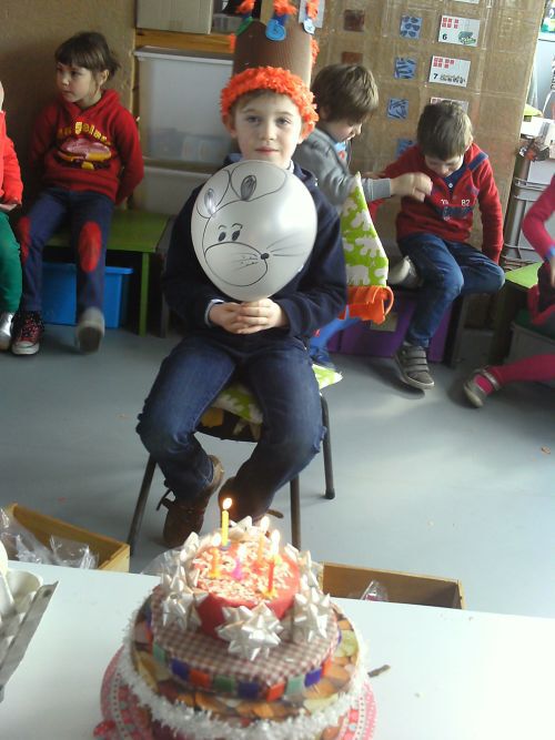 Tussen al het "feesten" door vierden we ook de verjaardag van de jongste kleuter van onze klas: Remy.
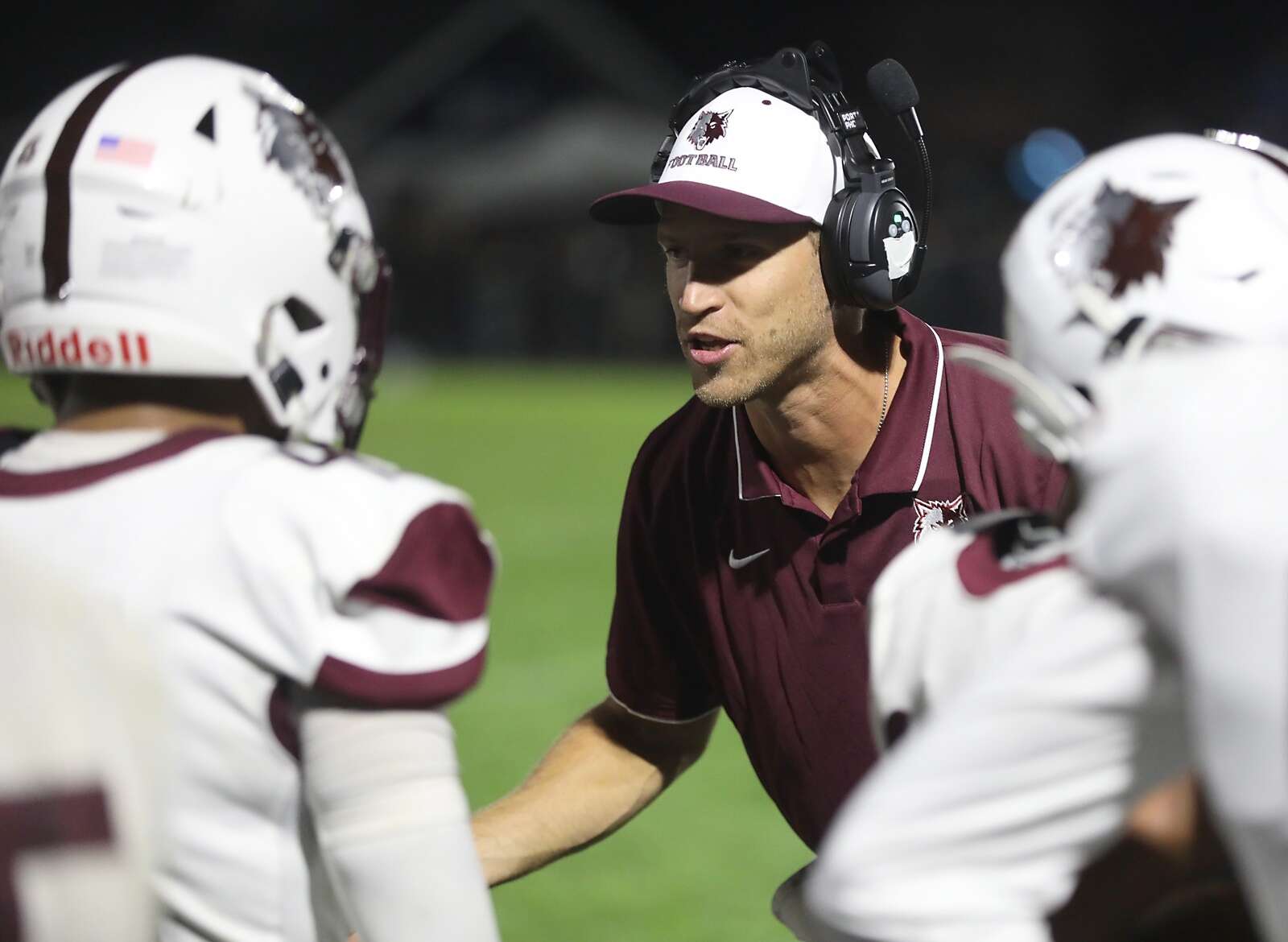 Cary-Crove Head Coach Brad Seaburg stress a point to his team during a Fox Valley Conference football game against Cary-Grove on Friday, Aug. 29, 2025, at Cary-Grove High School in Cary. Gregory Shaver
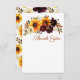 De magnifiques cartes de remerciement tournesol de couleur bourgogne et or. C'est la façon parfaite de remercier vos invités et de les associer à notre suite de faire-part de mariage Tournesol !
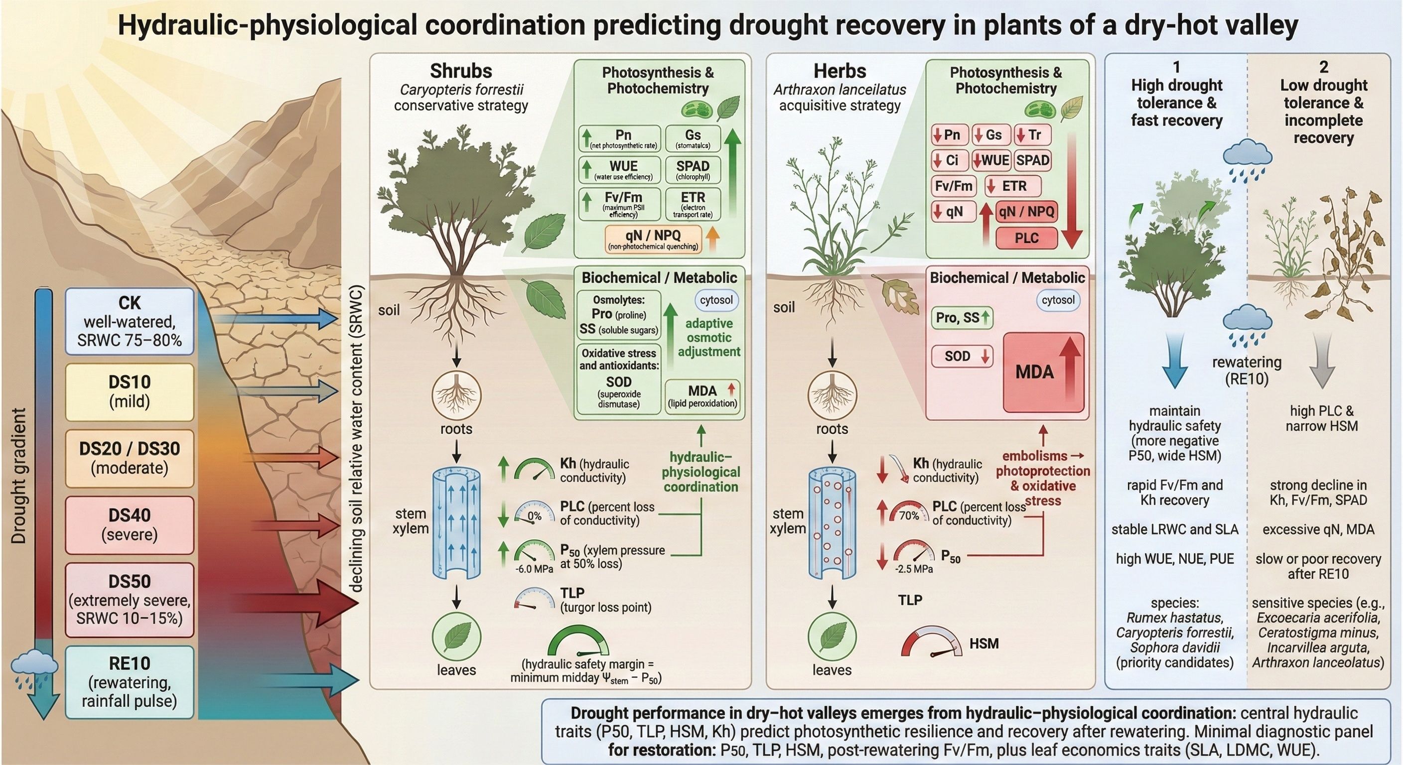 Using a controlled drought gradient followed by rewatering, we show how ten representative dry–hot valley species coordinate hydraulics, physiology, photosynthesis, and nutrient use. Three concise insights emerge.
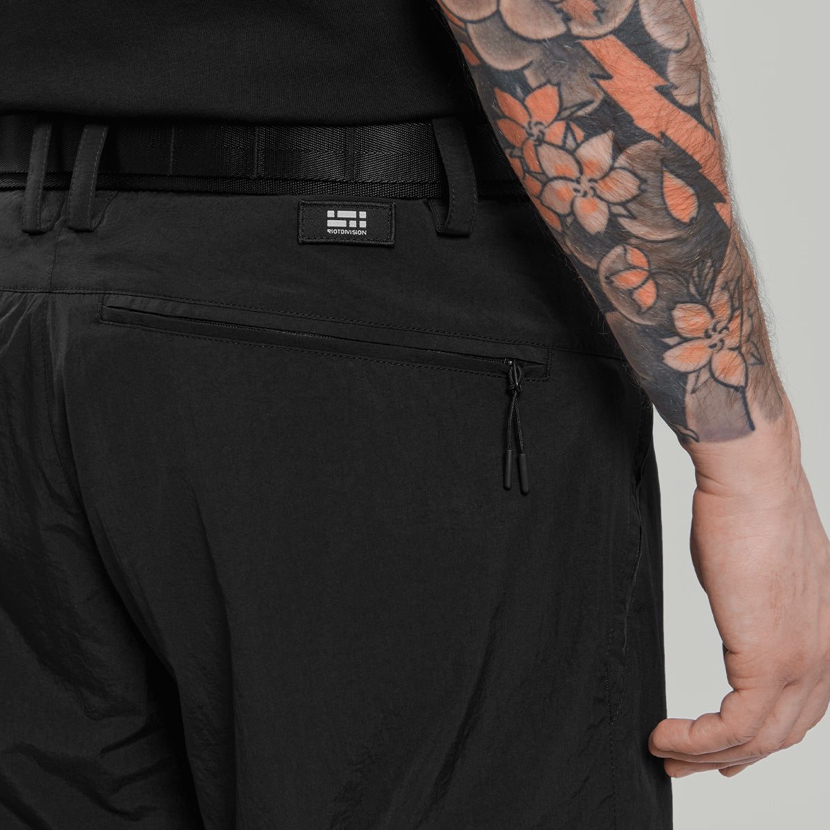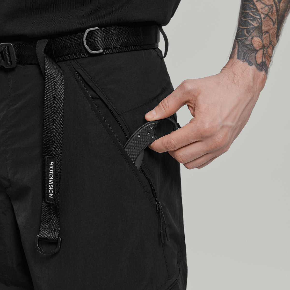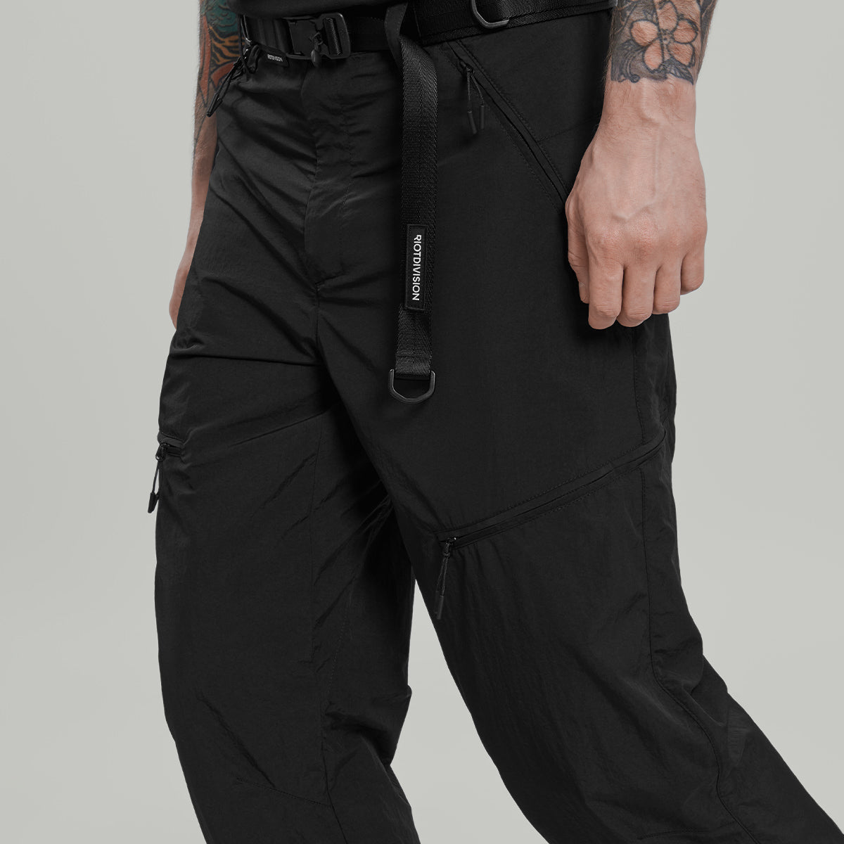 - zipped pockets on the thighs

# # # #

# WHAT NEEDS TO BE DONE
Starting at the top of the listing above, please restate word for word each line up to and including the one that holds "Cary-Crove Head Coach", omitting every image.

# TASK RESPONSE
 Tussen al het "feesten" door vierden we ook de verjaardag van de jongste kleuter van onze klas: Remy.
 Cary-Crove Head Coach Brad Seaburg stress a point to his team during a Fox Valley Conference football game against Cary-Grove on Friday, Aug. 29, 2025, at Cary-Grove High School in Cary. Gregory Shaver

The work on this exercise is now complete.